Le papa, lui, était charpentier, rénovateur, architecte, ébéniste, maçon, ferblantier – bref, il n’y avait pas de sous-domaine de la Construction qui ne lui fût étranger, pas même la plomberie ni l’électricité, avec lesquelles il pouvait se débrouiller mieux que n’importe qui parmi les salariés spécialisés. Il était entrepreneur à son compte, honorable comme un chevalier, fiable comme un chef – et il était un chef – aussi scrupuleux qu’un premier conseiller à la cour. Il avait construit lui-même, de la cave au grenier, la superbe maison, là où s’enfonçait le rang neuf, inhabité, du bout du chemin principal, dans les champs avoisinants jadis cultivés qui retournaient, faute de maîtres, à la nature. Cet homme, grand, fort, aux yeux bleu ciel, tout blond et à la peau tannée par l’ouvrage au soleil comme par temps froids, n’était pas qu’honnête travailleur, mari aimable et père dévoué, non; par surcroît, il ne dédaignait pas les bonnes chansons et savait siffler aussi juste et doux qu’une flûte sylvestre.
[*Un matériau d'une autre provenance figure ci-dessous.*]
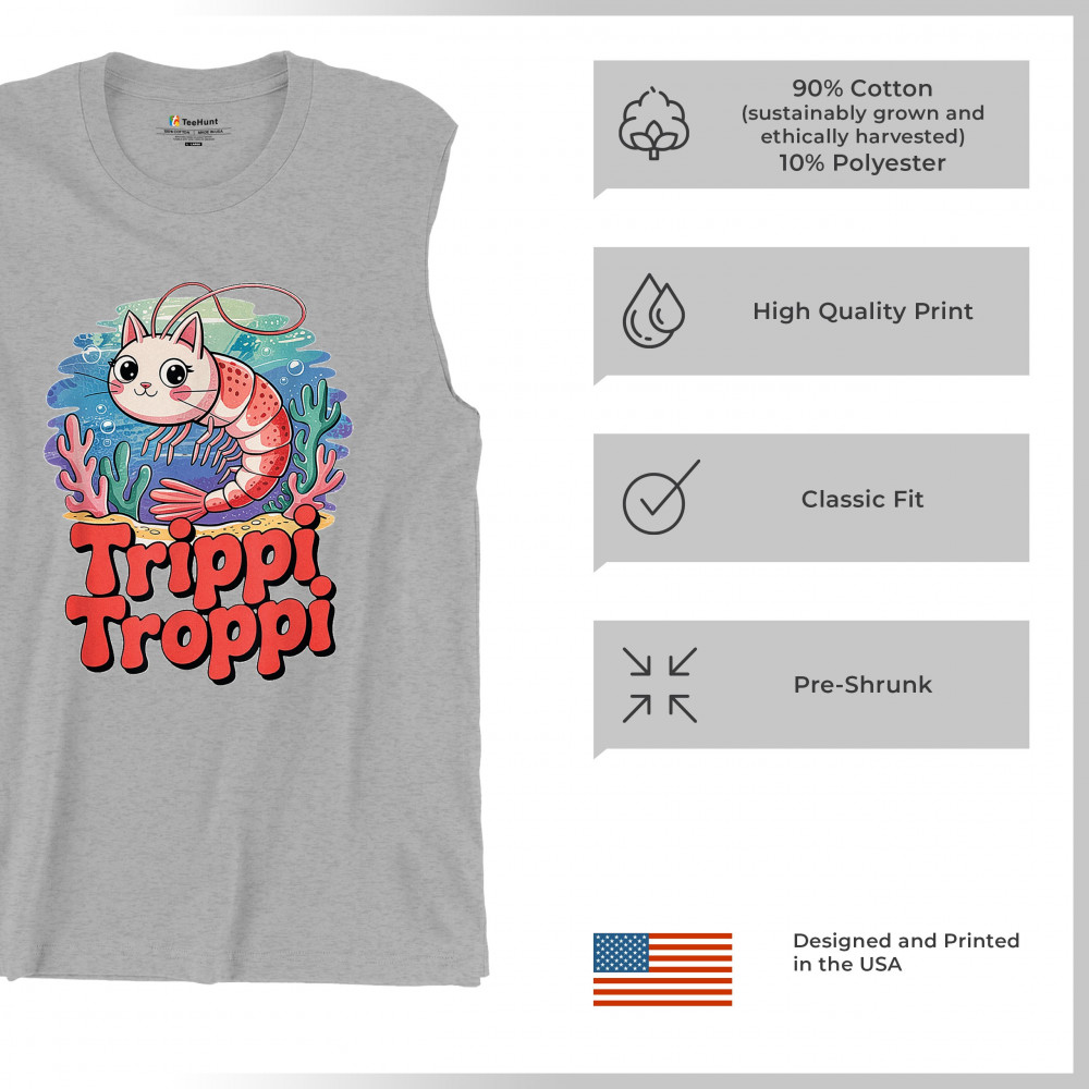 Dive deep into absurdity with Trippi Troppi—a surreal shrimp-cat fusion straight out of Italian Brainrot territory. This design captures cursed animal chaos, weirdcore visuals, TikTok meme culture, and underwater fever dream aesthetics. Made for Gen Z humor addicts, ocean meme fans, and ironic fashion lovers alike.

L’histoire, c’est celle d’une fille aînée, jusqu’à l’âge de sept ans unique, à qui ce père inégalable disait des contes de fées véritables et actuels, et dans la maison tout était si somptueusement décoré et aménagé, et chaque meuble, poutre, escalier, pièce de bois si bien ouvragé, poli, teint et verni, qu’elle ne put jamais que croire pour toujours, et voir de même pour toujours, son univers tel que papa le lui avait fourni et décrit et raconté et tutti frutti.

Je crains que tout le bon sens et la prudence de la maman n’y fit rien. Elle fronçait parfois les sourcils d’inquiétude, craignant que sa fille ne souffrît un jour de tant d’illusions merveilleuses, sinon à perdre, à reconsidérer; le papa aux traits de noblesse tant spirituelle que physique sifflotait des airs épiques et grandioses à sa petite princesse qui rêva ainsi tout éveillée toute sa vie jusqu’à ce qu’elle eût l’âge d’entrer, obligatoirement, à l’école, en première année.


How sweet it is to be loved by you!

Bye you!

Born on the bayou!


Mords à l’hameçon! Mords à l’hameçon! Je sais que tu aimes que je te donne toutes les raisons de me haïr.

C’est l’histoire d’une jeune fille élevée comme une princesse qui abandonna l’école à deux mois d’obtenir son diplôme d’études secondaires et qui tomba pour un beau raconteur d’histoires comme son père en passe de révolte comme je l’ai été, qui se prédestinait déjà aux délices des cours de campagne avant même de porter un petit homme en elle et qui par la suite épousa le rôle de mère si bien qu’elle ne sut jamais réellement faire de place au père, et c’est contre elle et en dépit de tout avec elle que je dois me battre quand je l’appelle comme je dois t’appeler, Lydie, pour que Tom ait la chance d’être traité en être humain doté de deux parents comme il en a le droit.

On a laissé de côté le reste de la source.